Figure 3: *The* 01_Research_plan *folder contains several documents and folders with considerations pertaining to topics relevant during the planning phase of a project. The folder contained therein*, 01_Ethics, *contains the (versions of your) ethics application, whereas the* 02_Forms_Questionnaires *folder has the forms and questionnaires study participants have to fill out during the experiment.Click on figure to see a larger version.*

As shown in Figure 3, in some cases it might make more sense to provide the file names with the date they were generated on instead of numbering them in an ascending order². In case of non-binary files, instead of saving changed files with their names differing only by date, using a version control system like git is a good method to avoid cluttering a folder with too many similarly named files³. Actually, sub folders below level one, and file names in general can go without a leading number (or date) if the order one reads them in is not of utter importance.

² Whenever calendar dates are used, make sure to use the ISO 8601 date format YYYY-MM-DD, as in 2025-12-31, because this way the date is internationally unambiguous, and computer file managing software shows files with such dates as leading part of their names in chronological (ascending) order.

³ git preserves the changes of a file it controls with time stamps so that their state at any point in time can be reconstructed.

Note

Things that were decided upon before data acquisition started belong in the Research Plan folder.

3.3 Methods

The folder 02_Methods encloses all the methodological aspects relevant to the project that have not been dealt with before. Likely contents for the example project may include considerations regarding treatment options, as well as details on data acquisition and the planned analysis strategy (Figure 4).

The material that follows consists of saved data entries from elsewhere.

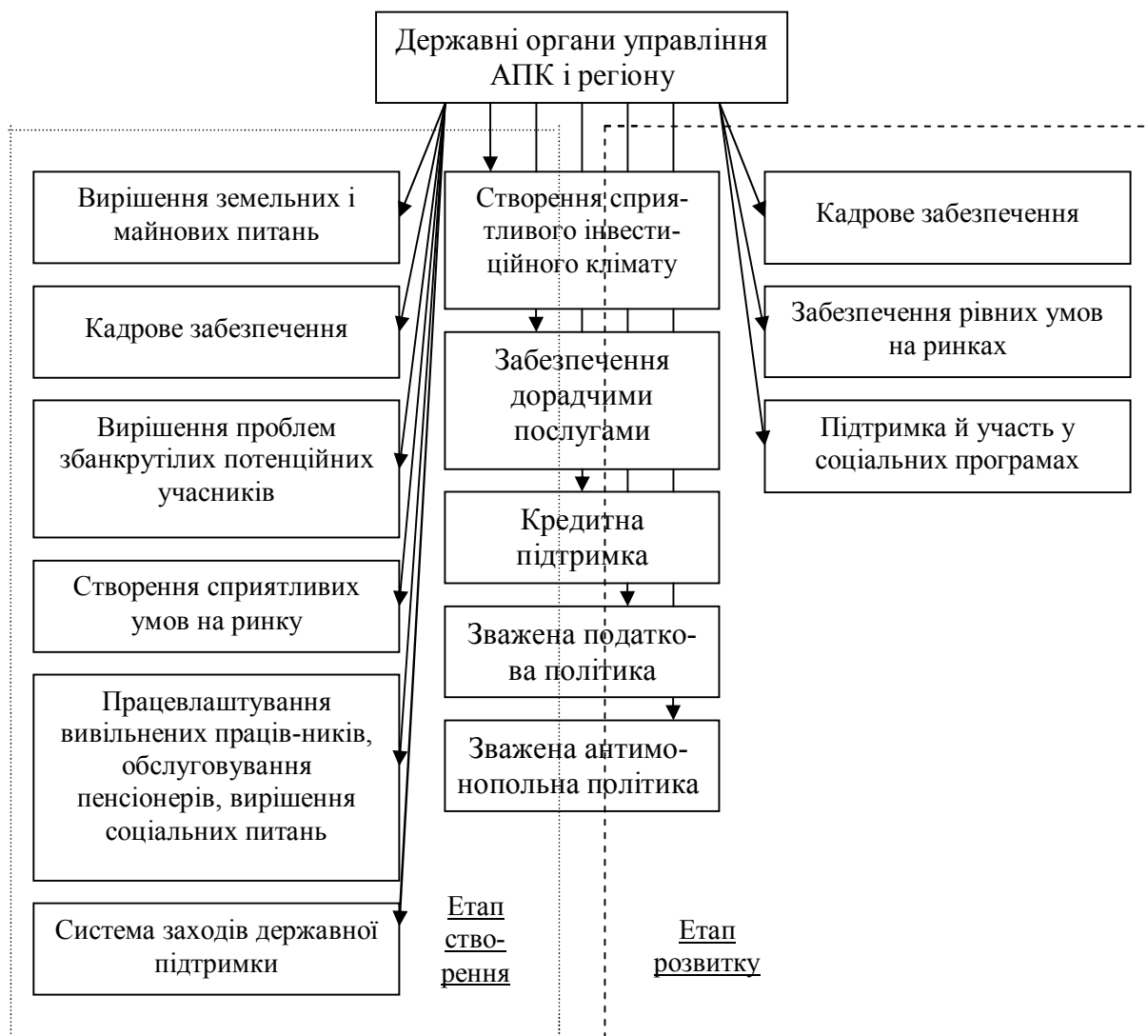
Рис. 1. Схема державного впливу на інтеграційні процеси в регіоні

Соціальна відповідальність, особливо великих інтегрованих підприємств, передбачає активну участь таких структур у соціально-економічному розвитку регіонів, але не означає перебирання ними головних функцій владних органів. Крім того, для підприємств і організацій неаграрних сфер АПК та інших галузей, стратегія розвитку яких передбачає диверсифікацію бізнесу (на відміну від переробних підприємств, що формують сталу зону обслуговування), при виборі партнерів нерідко основним стає рівень розвитку виробничої та соціальної інфраструктури.
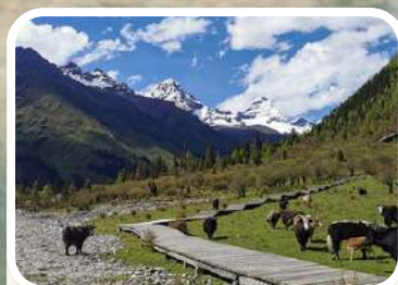
ทุ่งหญ้าเหรินเชินกั๋วผิง (Renshou Guosheng)
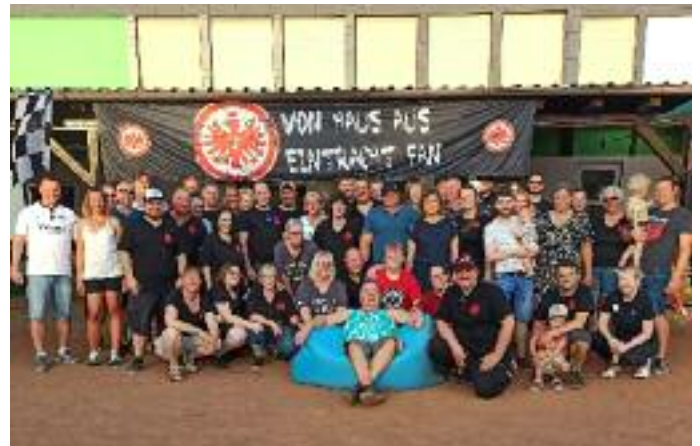
Bild oben: gelungene Saison-Abschlussfeier des EFC Adlerrauge - Bericht siehe Seite 4!
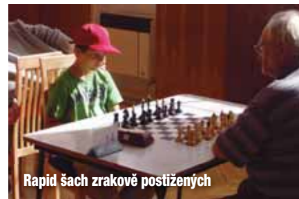
Rapid šach zrakově postižených
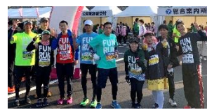
2023年桜マラソンスタート前 「完走目指して頑張るぞ～」
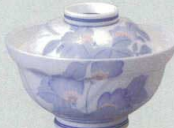
626-32-48J 4,150円 蓋井 15.3×10.5cm
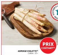
ASPERGE VIOLETTE (A) Calibre : 22+
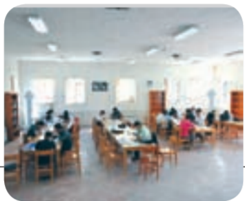
هم نشینی با یاز مهریان

اگر از ساکنان حاشیه صدمتری کم‌رندی فجر و در اراضی تلگرد بپرسید که یکی از بهترین اتفاقاتی که در ده سال اخیر توی محله شان افتاده است چیست، حتما انگشت می‌گذارند روی یک کلمه «پارک بسیج». بوسانی ۱۶۰ هزار مترمربعی که با احداث آن، چهره محلات اطراف سبز شد و مسجد، فرات خانه، زمین‌های بازی کودکان و تجهیزات ورزشی در کنار آب نماای منحصربه‌فرد آن حساسی اهالی را خوشحال کرده است. این پارک در سال ۱۳۷۸ تأسیس شده است و در فضای سبزی آن، انواع درختان از قبیل افق‌افرا، چنار، توت، اش، گردو، زیتون، سرو، کاج و گونه‌های درختچه‌ای باس و زرد دیگر گیاهان به چشم می‌خورد.
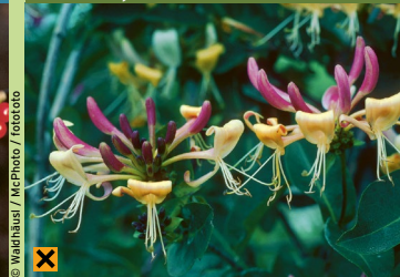
Wald-Geissblatt, Windendes Geissblatt ( Lonicera periclymenum )

Figure 4: *Any methodological information should be stored in a folder named, e.g.,* 02_Methods. This includes devices, analytical methods, as well as treatments. **Click on figure to see a larger version.**

Data acquisition refers to anything concerning data recording devices—although technically, obtaining data using questionnaires is also data acquisition. Here, a list of devices used to measure physiological and behavioral data, including manufacturer names, device names, model identifiers, serial numbers, and possibly firmware versions is key for others to replicate your experiments. If a recording software is used, it’s vendor, name and version should also be noted. Schematic diagrams of device wiring and data flow can be very helpful in clearly illustrating how data was collected (Figure 5).

block-beta     
    columns 5
    monitor("Monitor") space space space space
    stimpc["Stimulus<br>PC"] space space space space
    space space space space space
    finger["👆🏼"] space tapp["Tapping<br>circuitry"] space space
    head((("EEG cap"))) space amp["EEG amp"] space pc["Data<br>recording<br>PC"]
  monitor --> stimpc
  monitor --> pc
    finger --> tapp
    tapp --> pc
    head --> amp
    amp --> pc
    style finger fill:#fff,stroke-width:1px

Figure 5: Block diagram of data acquisition in the experiment. The stimulus PC instructed the participants to either tap in synchrony or asynchronuously to the metronome click which was paced at 90 bpm. Metronome clicks and trial beginnings and ending times were sent as trigger codes to the recording PC. Finger tapps were recorded by a custom-built tapping platform and the corresponding circuitry and then sent to the data recording PC. 64-channel EEG was recorded using a XYZ system which was also connected to the data recording PC. For details of the custom tapping device, please see file tapping_device.pdf in folder 02_Methods/02_Data_acquisition/.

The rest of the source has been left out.